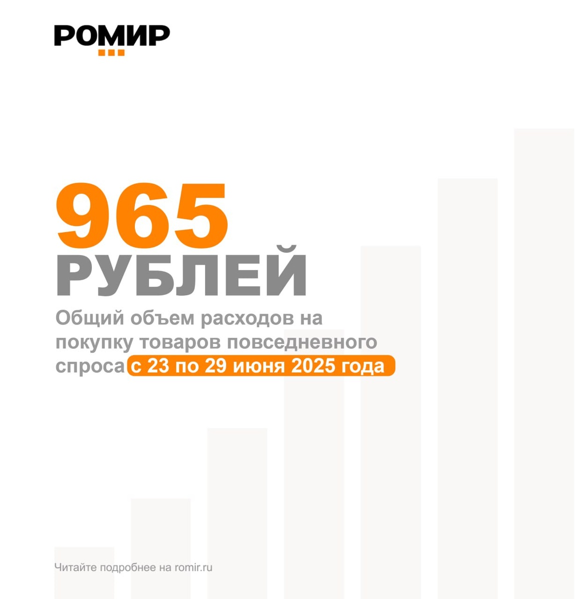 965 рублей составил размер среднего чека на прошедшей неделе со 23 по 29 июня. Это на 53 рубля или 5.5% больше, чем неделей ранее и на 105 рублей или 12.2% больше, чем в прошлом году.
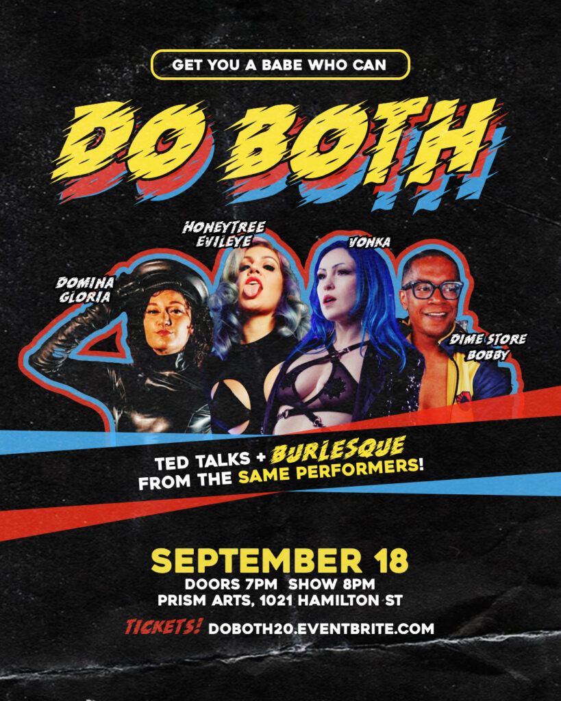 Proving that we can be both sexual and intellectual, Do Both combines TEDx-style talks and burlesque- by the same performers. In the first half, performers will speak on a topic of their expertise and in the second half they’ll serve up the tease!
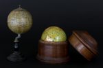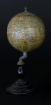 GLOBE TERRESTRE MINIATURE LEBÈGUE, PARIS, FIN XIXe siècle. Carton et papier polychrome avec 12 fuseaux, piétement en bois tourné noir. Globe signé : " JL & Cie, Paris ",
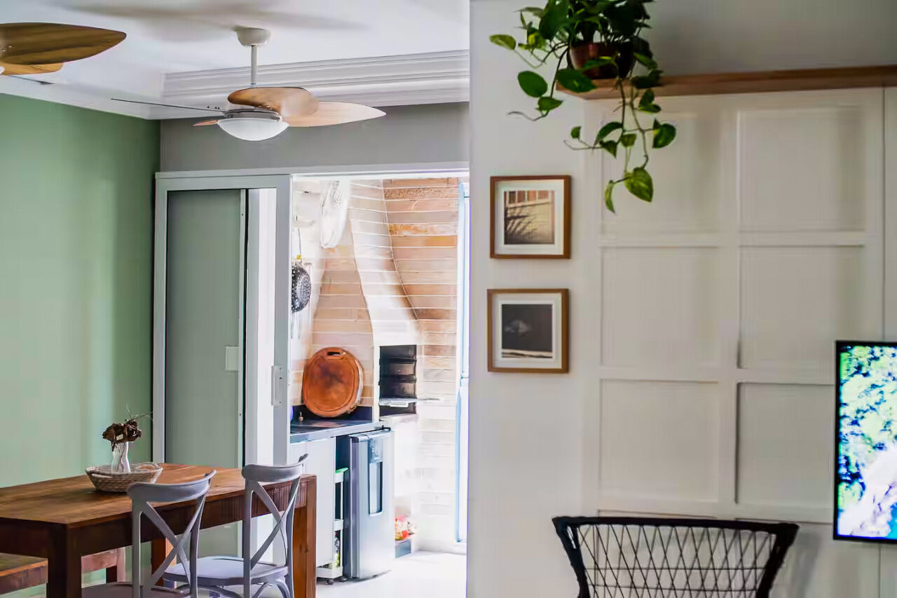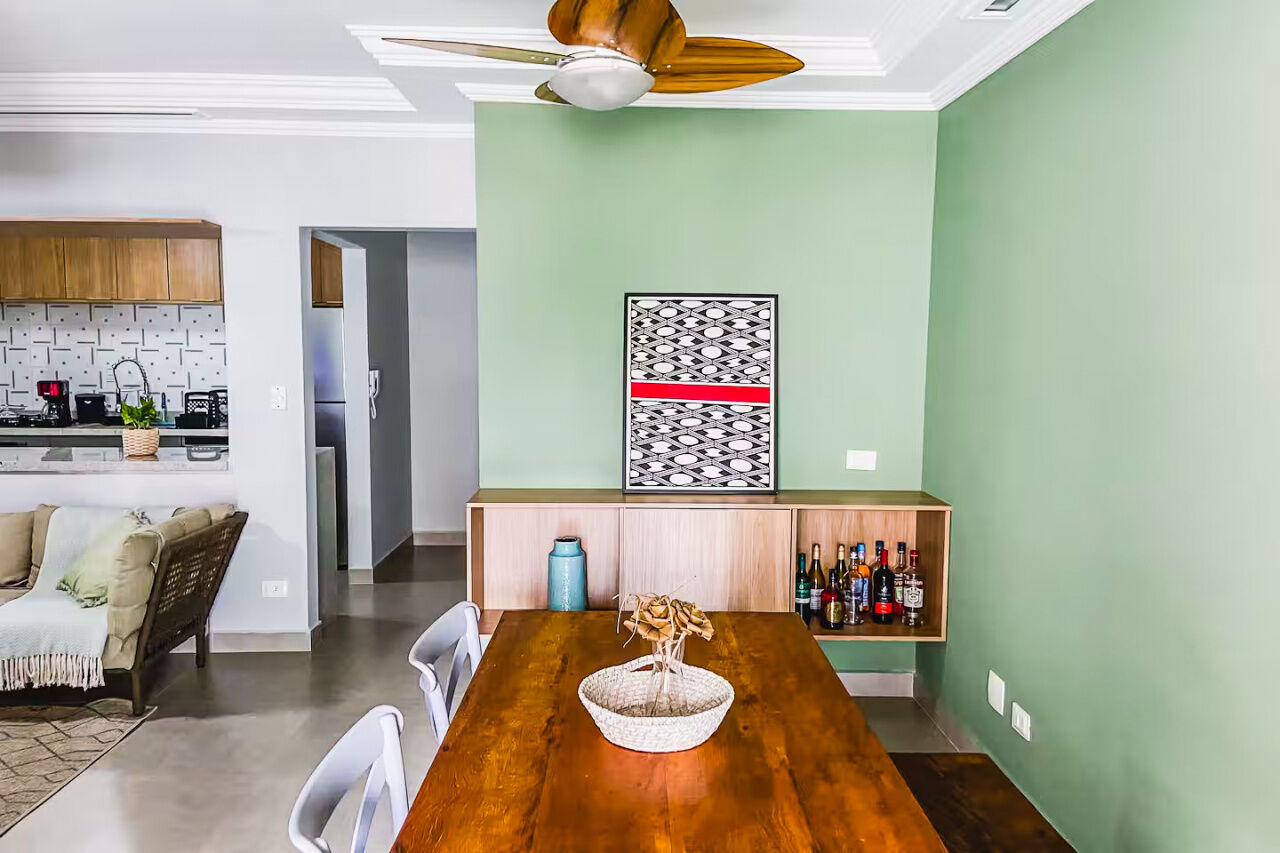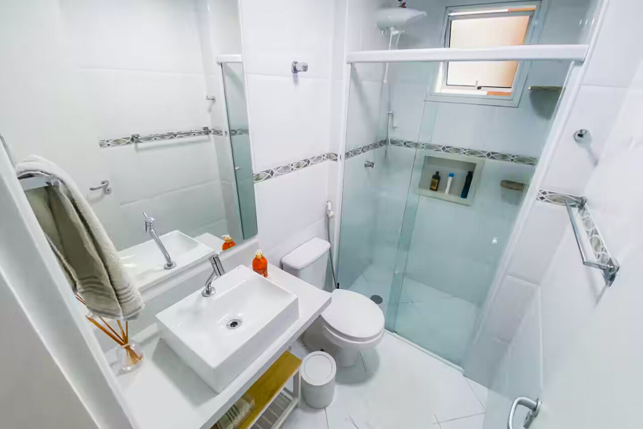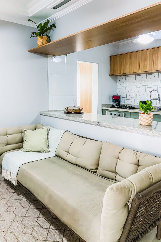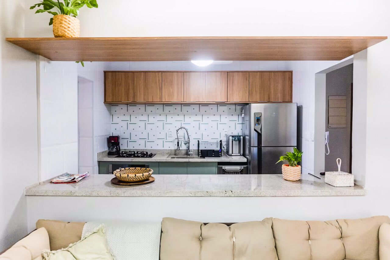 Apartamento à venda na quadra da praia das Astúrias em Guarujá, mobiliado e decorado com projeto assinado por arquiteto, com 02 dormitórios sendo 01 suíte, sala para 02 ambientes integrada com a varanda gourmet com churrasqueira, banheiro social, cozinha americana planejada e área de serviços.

-*-

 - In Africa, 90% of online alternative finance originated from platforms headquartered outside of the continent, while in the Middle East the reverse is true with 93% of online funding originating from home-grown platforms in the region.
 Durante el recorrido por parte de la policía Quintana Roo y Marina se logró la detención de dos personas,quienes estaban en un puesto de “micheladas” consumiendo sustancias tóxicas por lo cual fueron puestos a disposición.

-*-

To do:
Going by the data above, the answer is exactly the lines from the one holding "965 рублей составил" to the one holding "Proving that we", both kept, with the pictures left out.

Problem solution:
 965 рублей составил размер среднего чека на прошедшей неделе со 23 по 29 июня. Это на 53 рубля или 5.5% больше, чем неделей ранее и на 105 рублей или 12.2% больше, чем в прошлом году.
 Proving that we can be both sexual and intellectual, Do Both combines TEDx-style talks and burlesque- by the same performers. In the first half, performers will speak on a topic of their expertise and in the second half they’ll serve up the tease!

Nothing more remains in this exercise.